(Your task) Hand back every line from the beginning of the data below through the line containing "赛事期间,海洋装备工程学院副", word for word and free of pictures.

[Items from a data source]
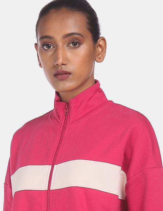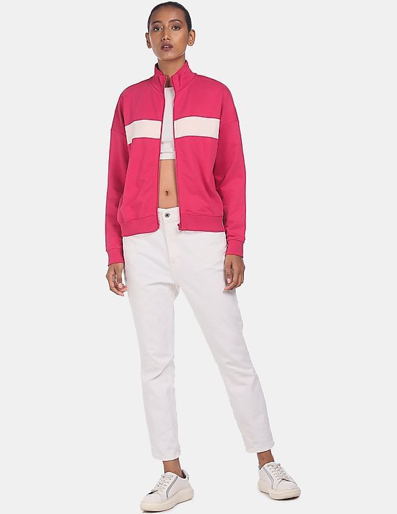 High neck contrast panel sweatshirt clearance, Buy Flying Machine Women Pink High Neck clearance
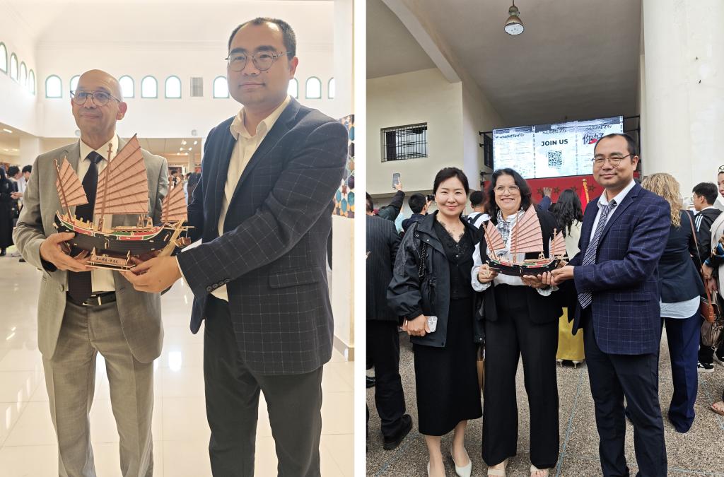 赛事期间,海洋装备工程学院副院长卓宏明代表学校,向摩洛哥哈桑一世大学、哈桑二世大学赠送舟山“绿眉毛”古船模型,以海洋文化为纽带深化丝路友谊。团队还参观摩洛哥教育部职业培训署(CMC)实训基地,深入了解北非职业教育体系与实训模式,为校际合作、职教出海搭建桥梁。
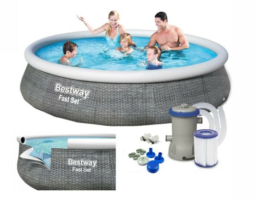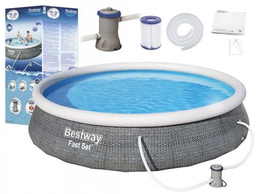 Bestway® Kruhový bazén Ø 396 x 84 cm s kartušovou filtráciou z kolekcie bazénov Fast Set. Rýchla a jednoduchá montáž - stačí si vybrať rovnú plochu, nafúknuť horný prstenec, napustiť bazén vodou a behom chvíľky sa budete kúpať. Sada obsahuje filtračné čerpadlo a filtračnú vložku, ktorá udržuje vodu čerstvú a čistú. Dodáva sa tiež s vypúšťacím ventilom na reguláciu prietoku, ktorý umožňuje rýchle vypustenie na konci sezóny. Pre Bestway Fast Set Pool nie sú potrebné žiadne náradie. Tieto bazény sa ľahko zostavujú a konštruujú z odolných materiálov a zaisťujú, že letná zábava bude trvať celú sezónu. TRITECH® Bazénová vložka z robustného, 3-vrstvového materiálu. Tento 3-vrstvový pevný materiál kombinuje PVC a sieťovinu a vytvára odolný materiál, ktorý je vystužený pre pevnosť a odolnosť proti prepichnutiu. Jednoduché zostavenie - jednoducho vybaľte, postavte, nafúknite a naplňte. Obsah sady: 1 bazén, 1 filtračné čerpadlo (220-240 V) s kompatibilnou kazetou 58094, 1 záplata na opravu pod hladinou vody. Rozmery bazéna: Ø 396 x 84 cm. Maximálna kapacita vody (80 %): 7340 litrov. Použitie pre deti vždy pod dozorom dospelej osoby. Rozmery balenia: 76 x 31 x 31 cm
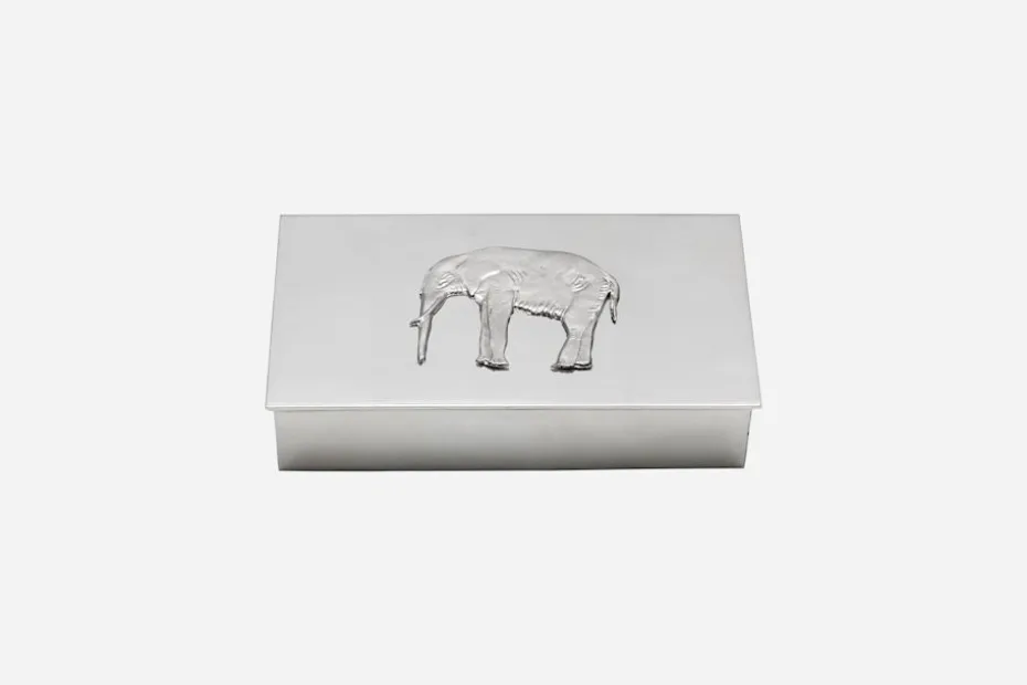 Estrid Ericson reste mycket och samlade under sina resor på sig olika slags saker och mönster. Att pryda ett föremål genom att addera ett annat objekt var något som hon gjorde ofta. Tennskrinet är dekorerat med en zebra, en elefant, en gepard eller ett lejon. Samtliga är tillverkade med inspiration från förlagor ur Estrid Ericsons arkiv.
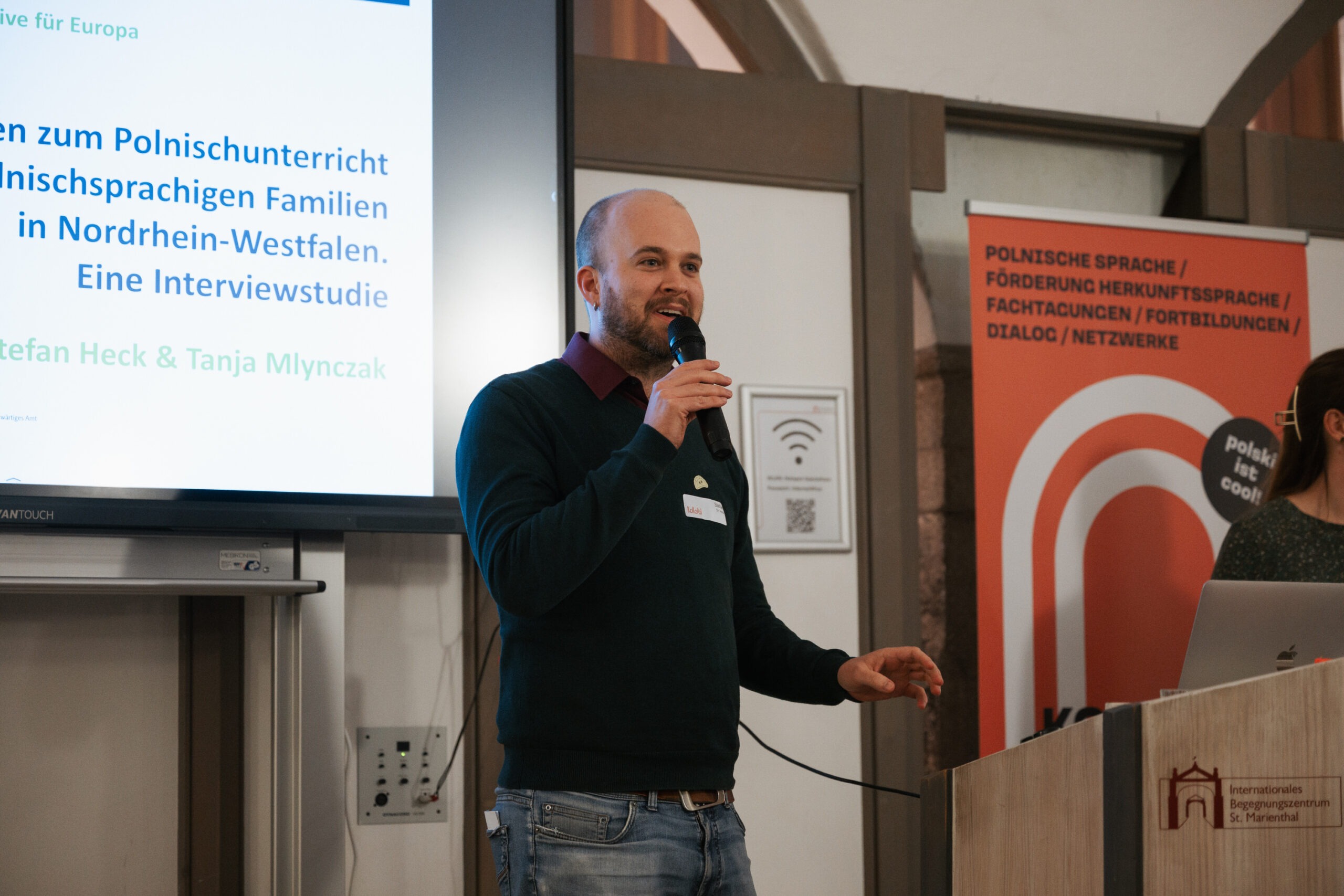 Blok referatowy zamknęło wystąpienie prof. dr Tanji Anstatt, dr. Stefana Hecka oraz Tanji Mlynczak (Uniwersytet Ruhry w Bochum), którzy przedstawili końcowe wyniki badania FamPol dotyczące „Postaw wobec nauki języka polskiego w rodzinach polskojęzycznych w Nadrenii Północnej-Westfalii”.

(Result below)
 High neck contrast panel sweatshirt clearance, Buy Flying Machine Women Pink High Neck clearance
 赛事期间,海洋装备工程学院副院长卓宏明代表学校,向摩洛哥哈桑一世大学、哈桑二世大学赠送舟山“绿眉毛”古船模型,以海洋文化为纽带深化丝路友谊。团队还参观摩洛哥教育部职业培训署(CMC)实训基地,深入了解北非职业教育体系与实训模式,为校际合作、职教出海搭建桥梁。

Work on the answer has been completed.